# Mounting broken transducer



## Mad-Eye Moody (May 27, 2008)

I have an old lowrance unit that was a take off that I want to mount on my hunting boat for depth finding only.

Boat hull is too thick for thru hull I would assume. It is a .10 aluminum boat, also, Transducer is broken at mounting point so I can't put it on using traditional methods.

Two questions.

1. Can I mount it a couple of inches higher than normal to protect it from when the bottom of the boat hits ground and still get good depth readings?

2. Has anyone had any luck gluing it or attaching it to something to use it as a mount?


----------



## Meerkat (Aug 10, 2008)

Transducer has to be in the water to work so mounting it a few inches higher will work so long as it is still in the water. Problem will be when you get up on plane then the ducer will be out of the water. For repairing the ducer, tagalong09 had a post a month or so ago about that. Do a search for him. I am on my phone or i would do it for you.
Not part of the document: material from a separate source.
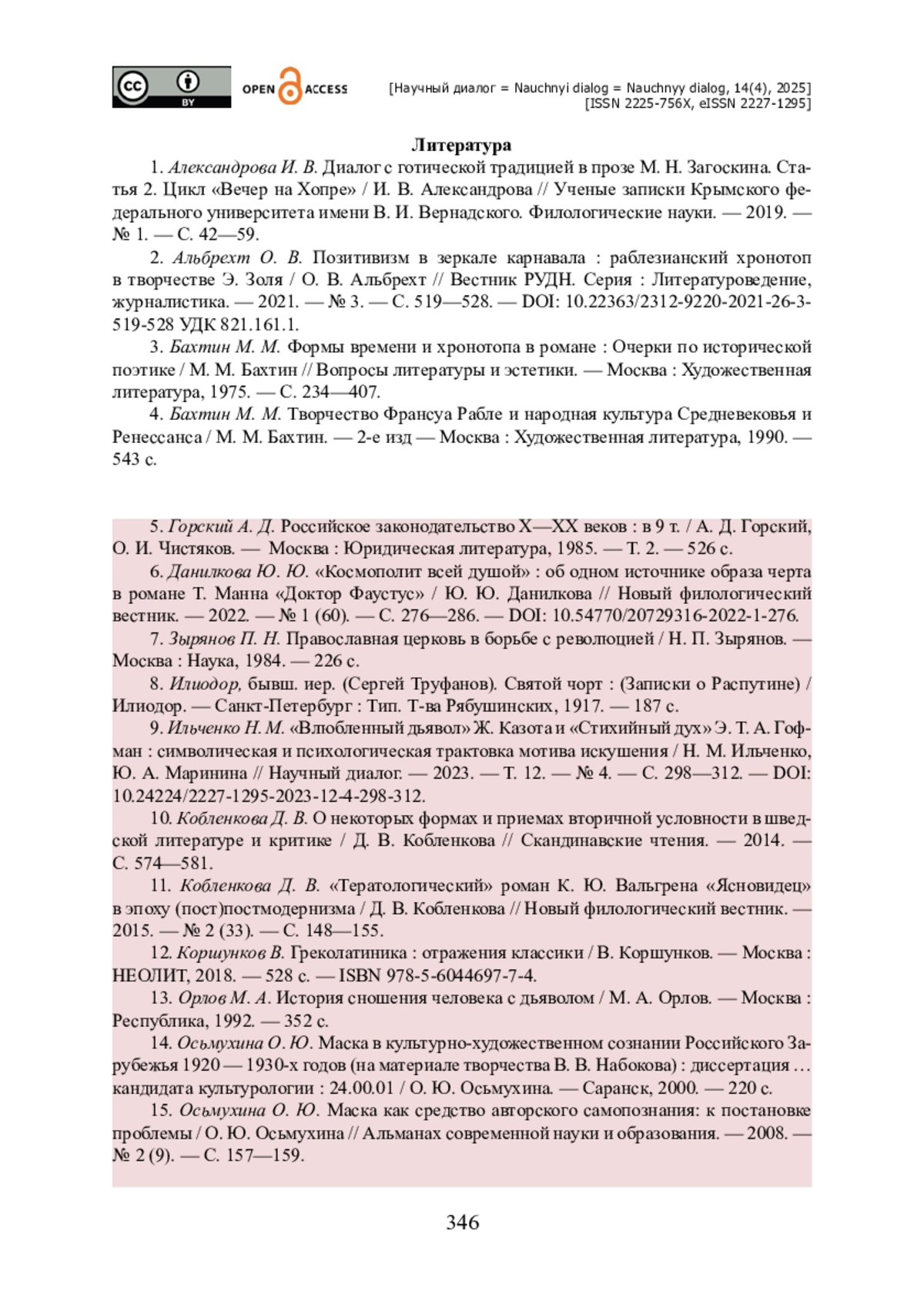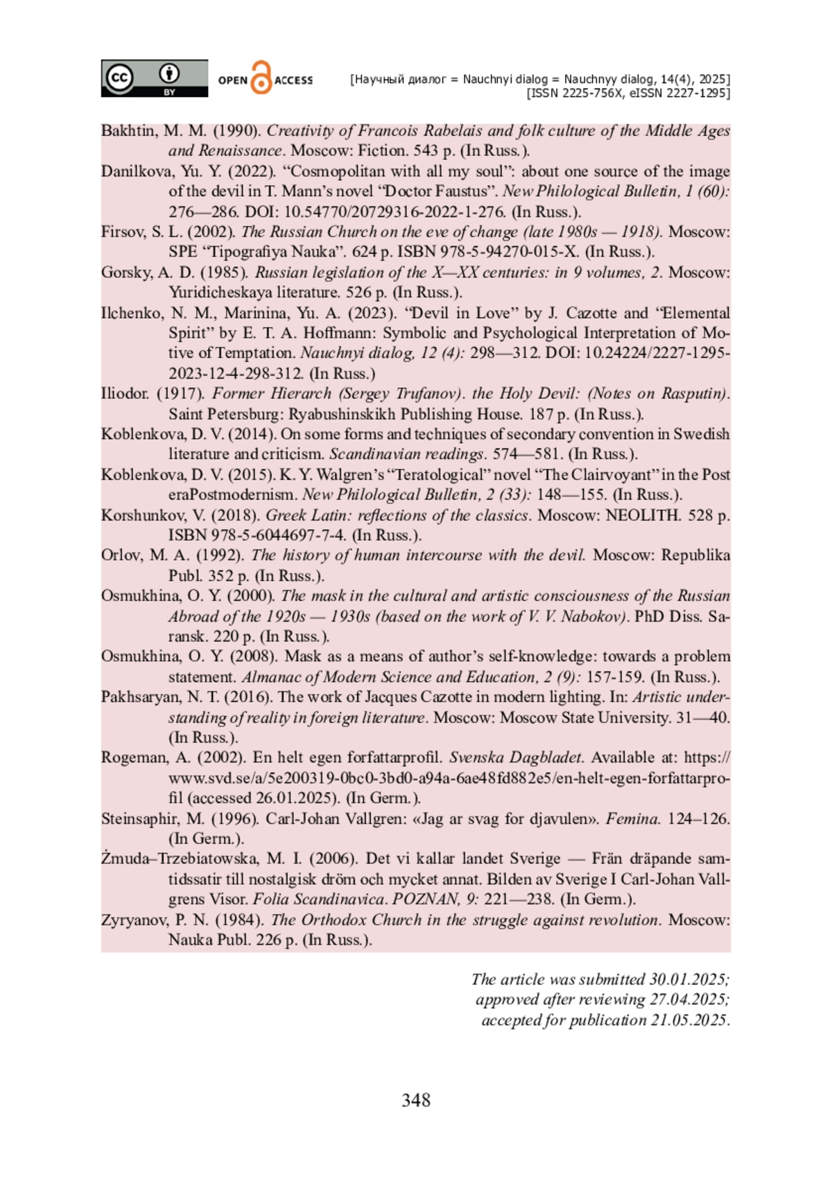 6. Данилкова Ю. Ю. «Космополит всей душой» : об одном источнике образа черта в романе Т. Манна «Доктор Фаустус» / Ю. Ю. Данилкова // Новый филологический вестник. - 2022. - № 1 (60). - С. 276-286. - https://doi.org/10.54770/20729316-2022-1-276.

Hope that helps!


----------



## creekcrawler (Oct 5, 2004)

Depending on the unit, I might have a spare transducer you could have.


----------



## Mad-Eye Moody (May 27, 2008)

Creekcrawler, I will check the model number.

If that doesn't get me anywhere I will go back to the tried and true boat oar approach.


----------



## creekcrawler (Oct 5, 2004)

Pretty sure mine is off an old Lowrance Bluewater flasher, I can get a pic or model number if you need.


----------